Project proposal (English): Good Sex Dutch public debate and

Project proposal (English):
Good Sex
Dutch public debate and academic research about youth and sexuality have become ethnicized. In both
debate and research, there is a persistent focus on dangerous or risky sex, loveless, transactional sex,
simply too much or too little sex among very specific groups of ethnic youth. Moral panics around youth
and sexuality of the last decades have centered, for instance, on Moroccan lover boys, or transactional
sex taking place in largely ‘black’ neighborhoods. Not only are these tropes deeply political - they allow a
certain ‘us’ to define ourselves against ethnic Others, who are having ‘bad’ sex – but they also make the
ways diverse youth themselves understand, negotiate and assess sex and sexuality invisible.
We propose an opposite focus in this research: by examining how youth themselves define, perform,
and negotiate ‘good sex’, we aim to trace how youth themselves couple ‘ethnicity’ with good sexual
practices and identities.

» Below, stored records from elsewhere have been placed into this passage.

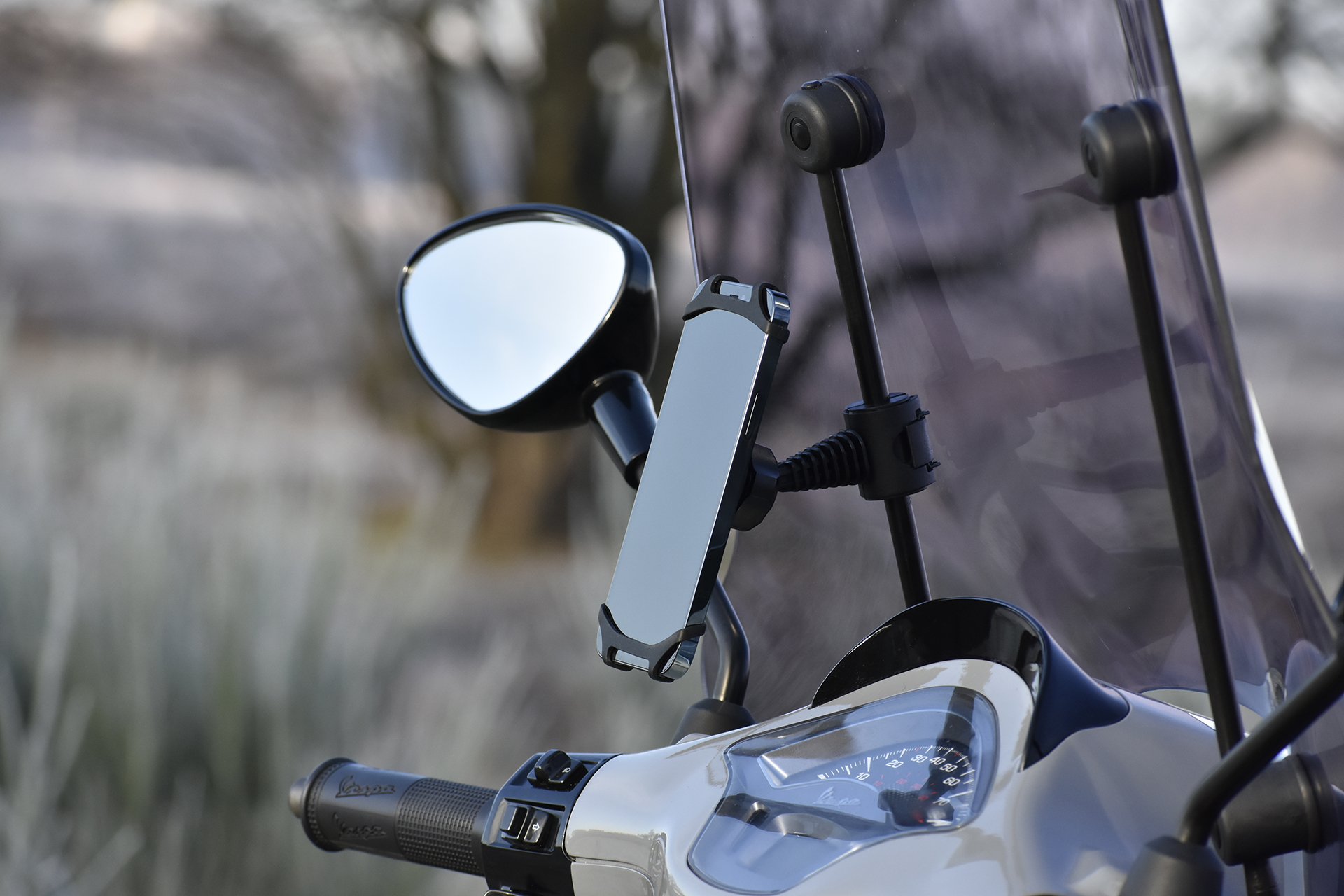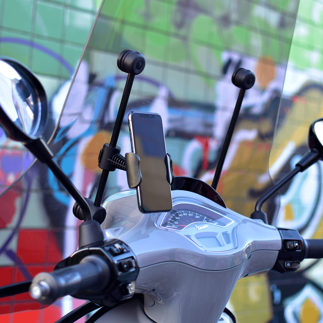 Of je nou een windscherm hebt of een spiegel, onze telefoonhouders passen op beide.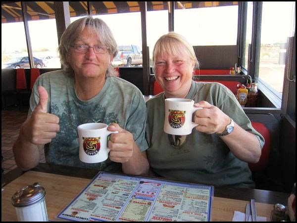 Breakfast zu viert im Waffle House, mal was anderes und durchaus zu empfehlen.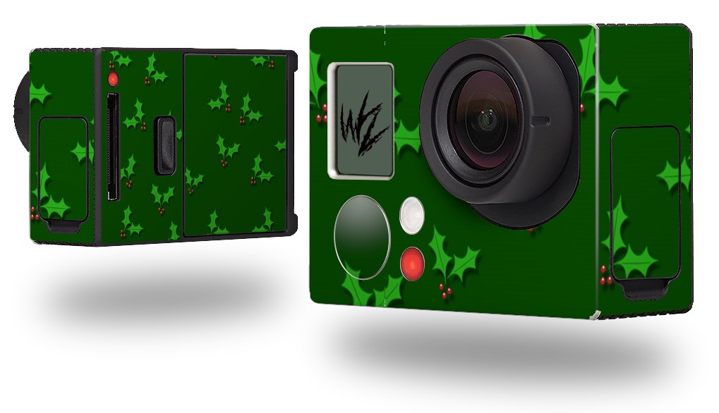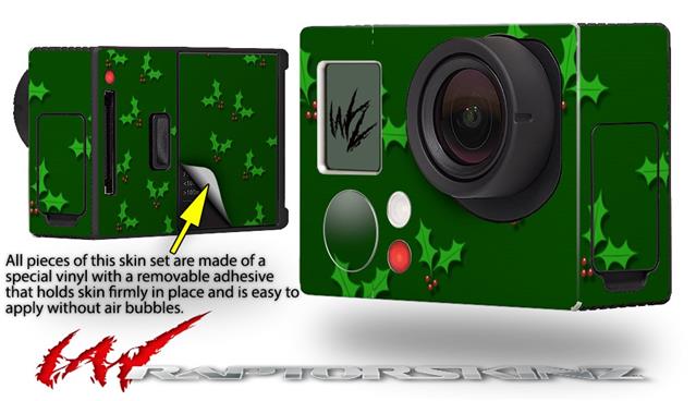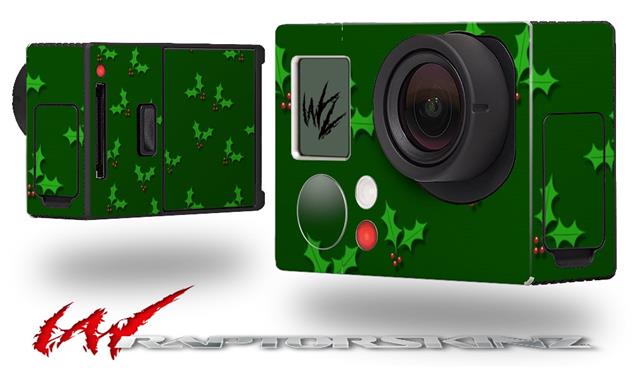 Christmas Holly Leaves on Green - Decal Style Skin fits GoPro Hero 3+ Camera (GOPRO NOT INCLUDED)

We define sexual practices broadly to include discursive and embodied,
meaningful practices that go into producing a sexual self. How do youth define and perform ‘good’

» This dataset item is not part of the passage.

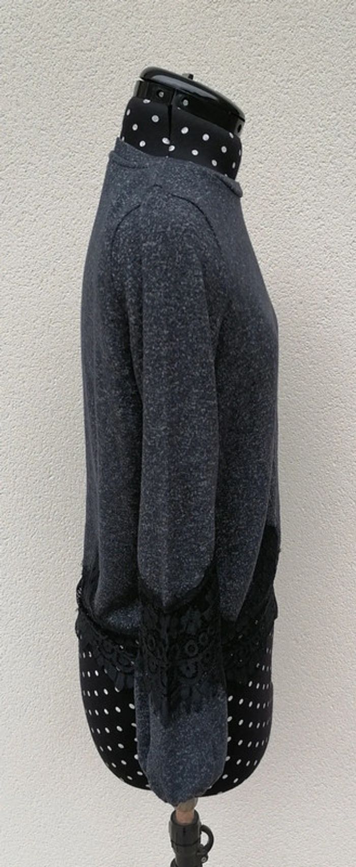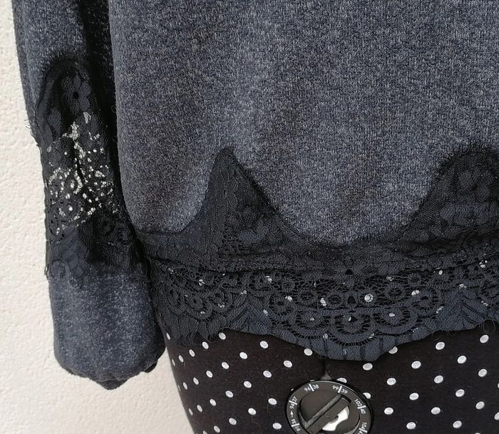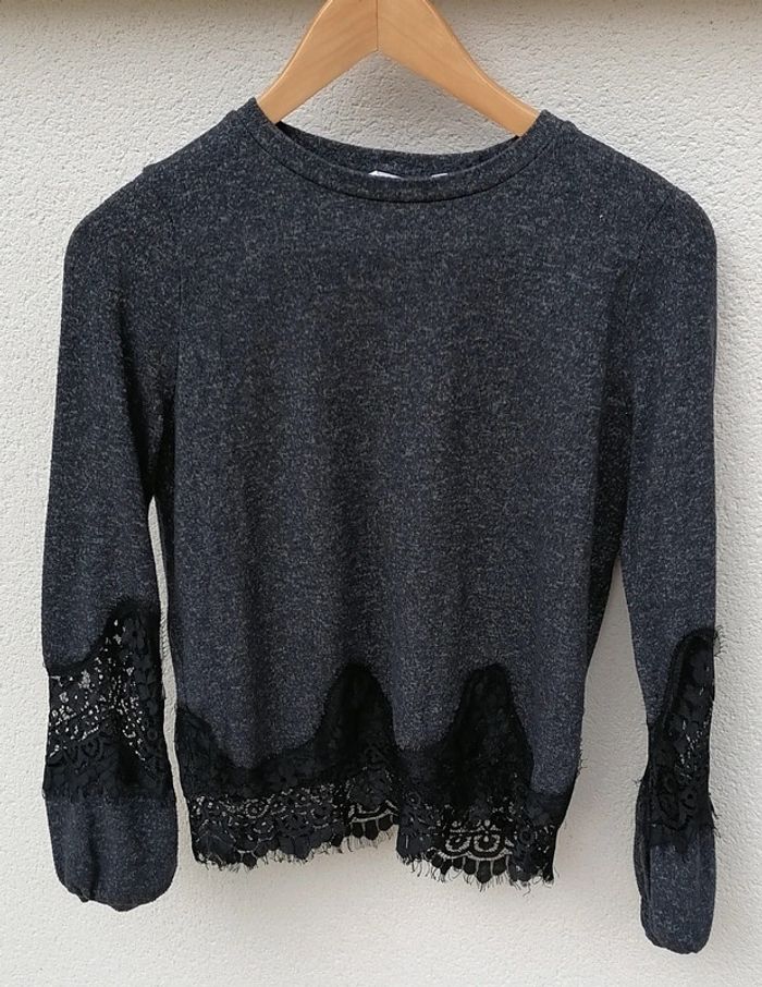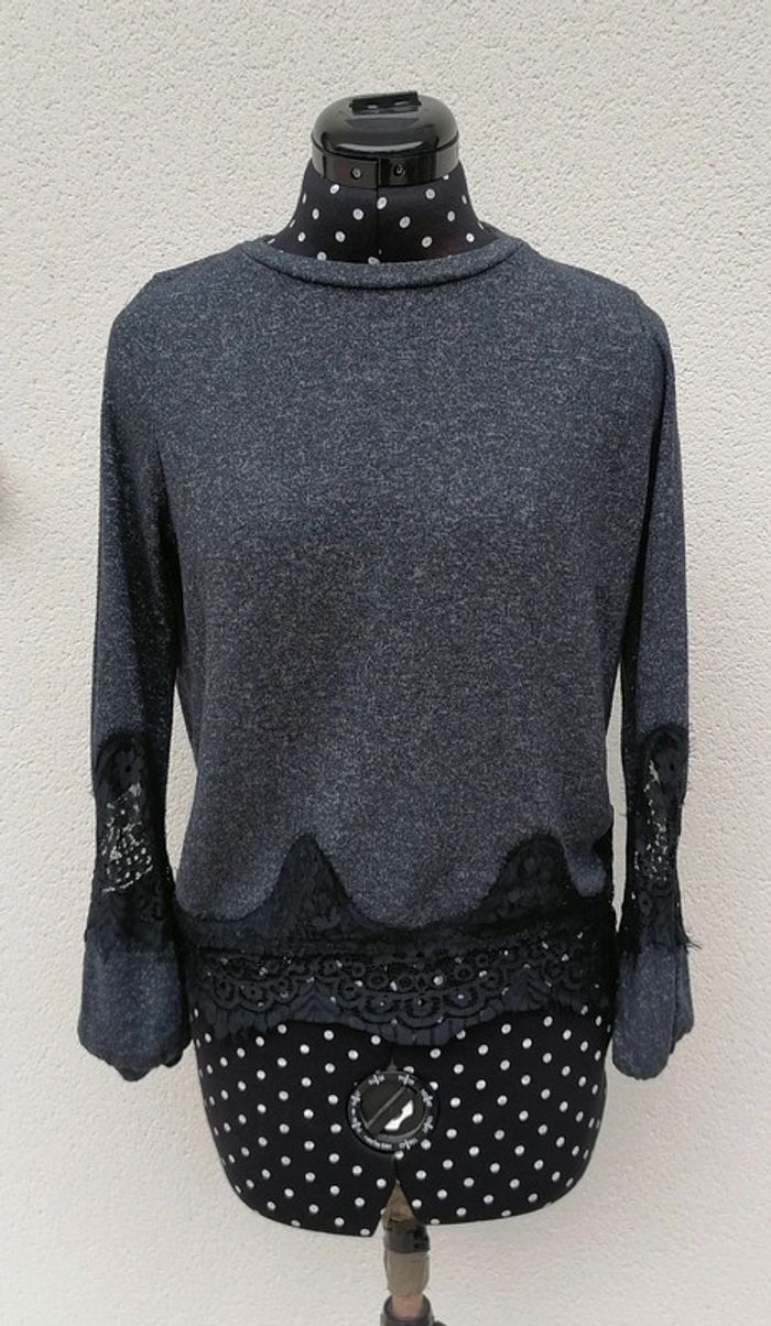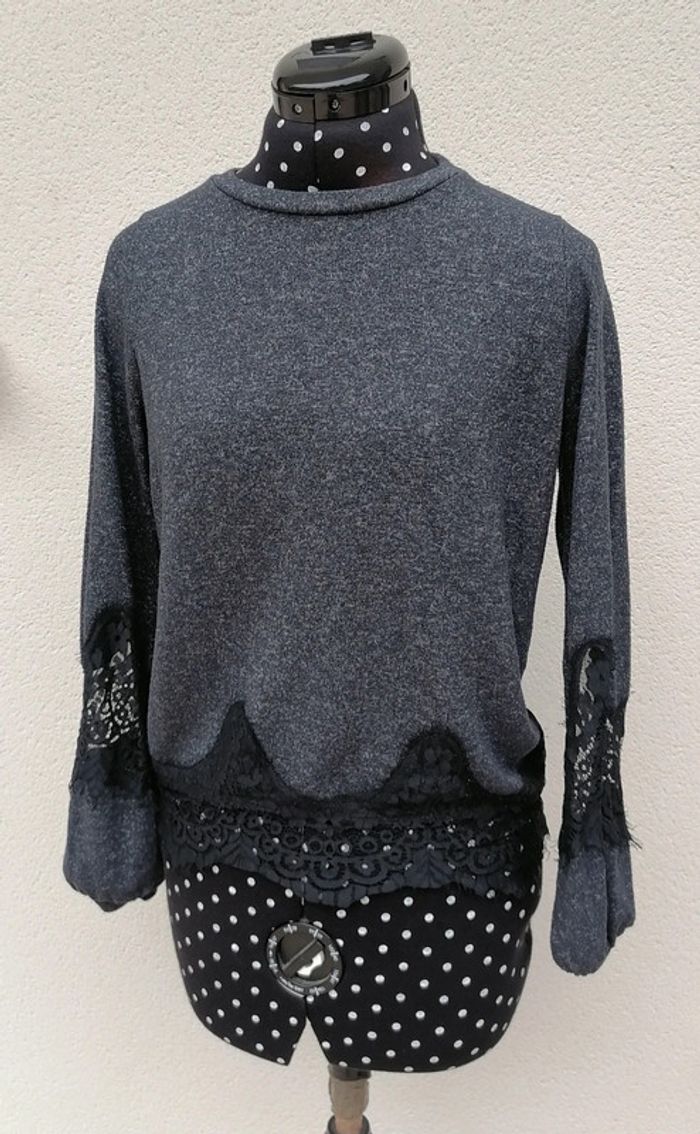 Pull léger mailles noir bleu dentelle Taille M Nafnaf - photo numéro 7

sex(uality)? Is ‘good sex(uality)’ an unproblematic notion, or is it multiple, heterogeneous, and
situationally defined? Are there diversities and ‘varieties of goodness’? What (sub)cultural repertoires
do youth draw on in their negotiations of good sex? With which actors are youth implicitly or explicitly
conversing in their negotiations of good sexual practices and identities? Doing so, we will trace the more
or less explicit normativities of their sexual practices, assuming this will unearth a diversity of emic,
situated sexual ethics.
Our empirical work concentrates, first, on parties and festivities: places where sexuality in the broadest
sense (flirting, dancing, making the body attractive and desirable, meeting potential love and sex
partners) is performed and negotiated. We include the ethnically marked ‘ethnoparties’, as ethnicity is
explicitly evoked in the symbolic production of these spaces, but also the ethnically ‘neutral’ festivities
of (largely) white youth, such as fraternity and sorority parties, or carnival. The main researcher will
make extended observations in these social spaces, but will also use these to create a network of
informants. These informants will contribute to a second and innovative method drawn on in this
research: a mass observation research design. Here, youth will be asked to become voluntary
correspondents, who regularly report to the researcher about their thoughts, observations, and
experiences with good sex for the duration of the research project.

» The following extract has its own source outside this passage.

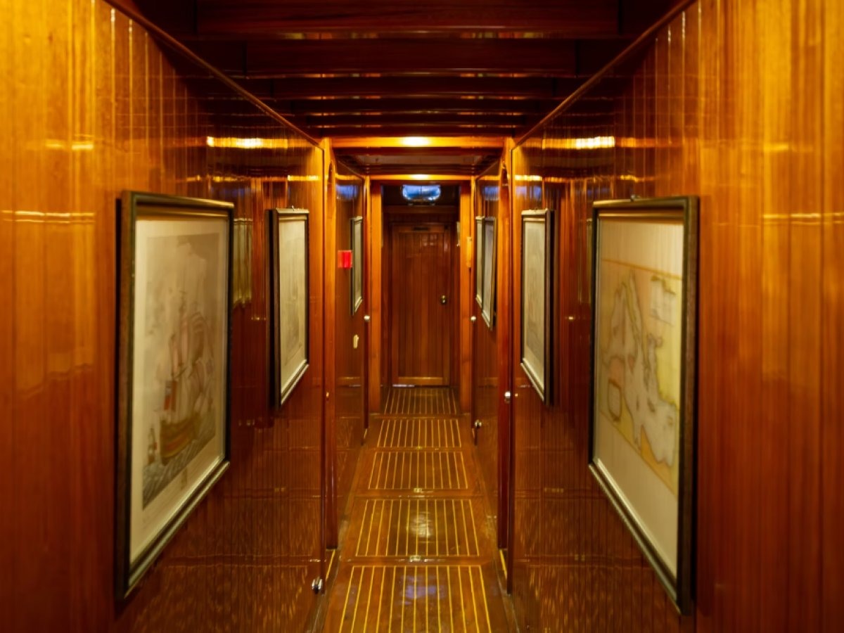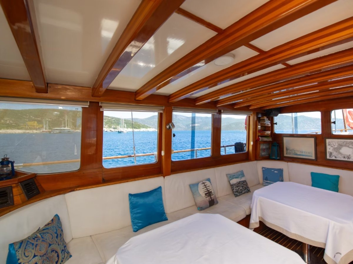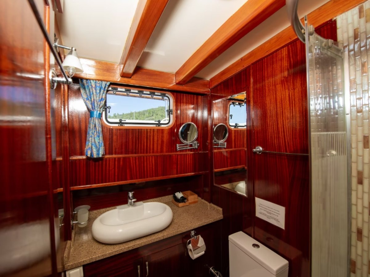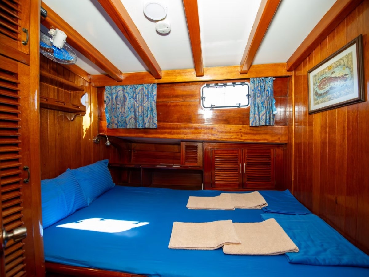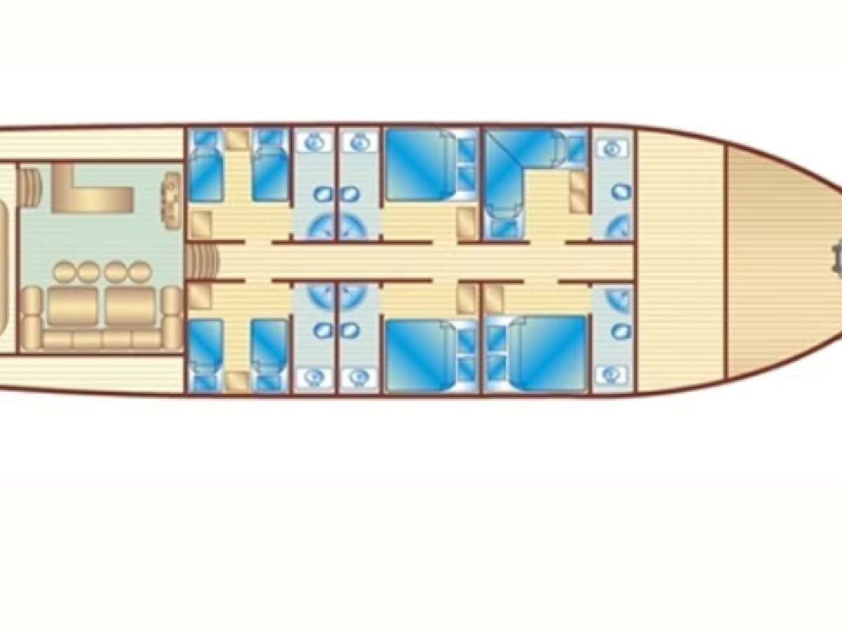 3 double cabins and 3 twin cabins for 12 guests. Seperate crew quarters for captain plus 3 crew

As such the research offer both a theoretical innovation by focusing on a diversity of ‘good’ sexual
practices and situated ethics, and a societal innovation by providing health care professionals with an
understanding of ‘best practices’ among youth. Indeed, if Foucault taught us why ‘bad’ sex is a public
problem, our research aims to understand sexuality, in all its multiplicity and diversity, as a public good.